__WORK INSTRUCTIONS__
Starting at the line that contains "soothe sensitive stomaches.", transcribe each line exactly through the end of the data below, and skip any pictures.

__SUPPLIED MATERIAL__
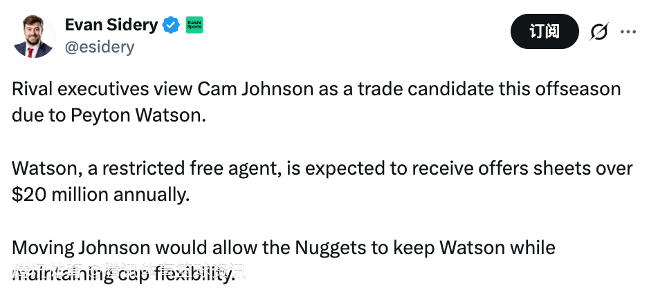 作为受限制自由球员,沃森预计会收到年薪超过2000万美元的报价合同。交易掉约翰逊,将让掘金队既能留住沃森,又能保持薪资空间的灵活性。
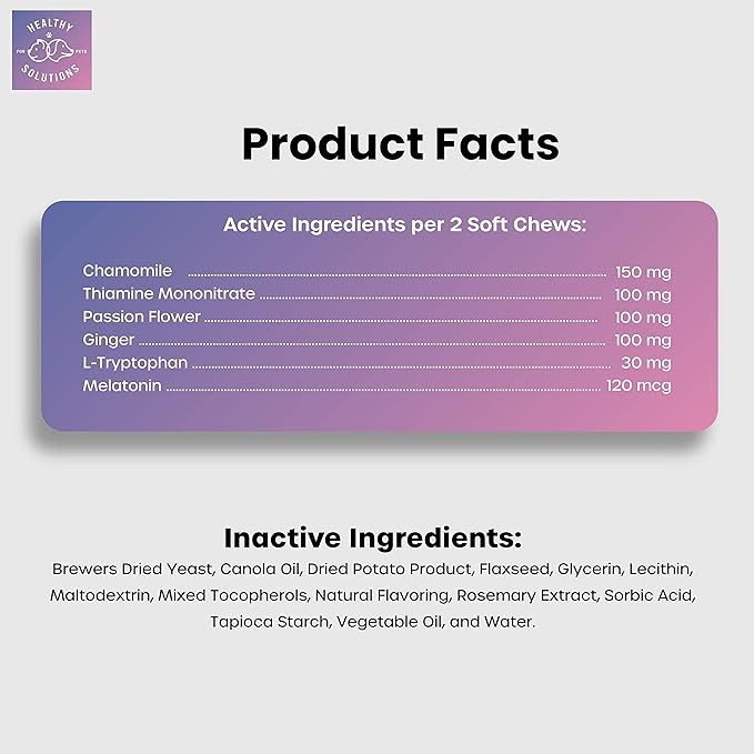 • ๐Ÿ—ธ VETERINARIAN FORMULATED -- with Melatonin, Chamomile, Passion Flower, Thiamine, L-Tryptophan, and Ginger to help soothe sensitive stomaches.
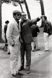 Jean-Paul Belmondo et Jean-Luc Godard sur le tournage de son film (1965). Épreuve argentique d'époque (30x20 cm). Tampon de l'agence Reporters Associés au dos.
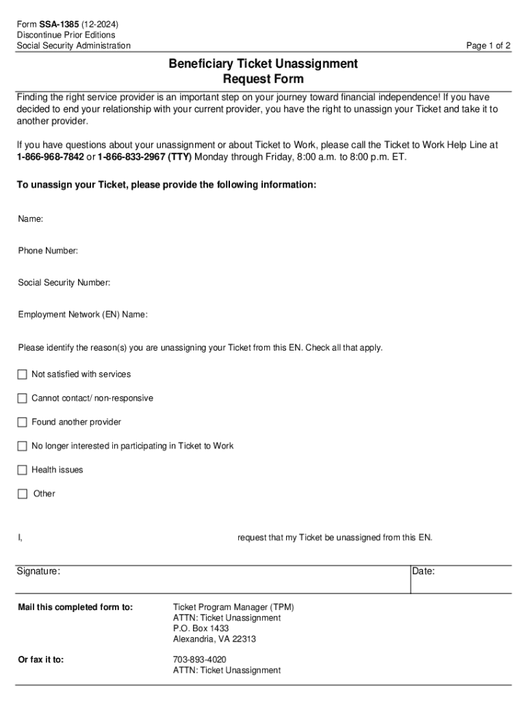 This form allows beneficiaries to unassign their Ticket from a current Employment Network (EN) and transfer it to another provider. It requires personal information and the reason for unassignment.

__TASK RESPONSE__
 • ๐Ÿ—ธ VETERINARIAN FORMULATED -- with Melatonin, Chamomile, Passion Flower, Thiamine, L-Tryptophan, and Ginger to help soothe sensitive stomaches.
 Jean-Paul Belmondo et Jean-Luc Godard sur le tournage de son film (1965). Épreuve argentique d'époque (30x20 cm). Tampon de l'agence Reporters Associés au dos.
 This form allows beneficiaries to unassign their Ticket from a current Employment Network (EN) and transfer it to another provider. It requires personal information and the reason for unassignment.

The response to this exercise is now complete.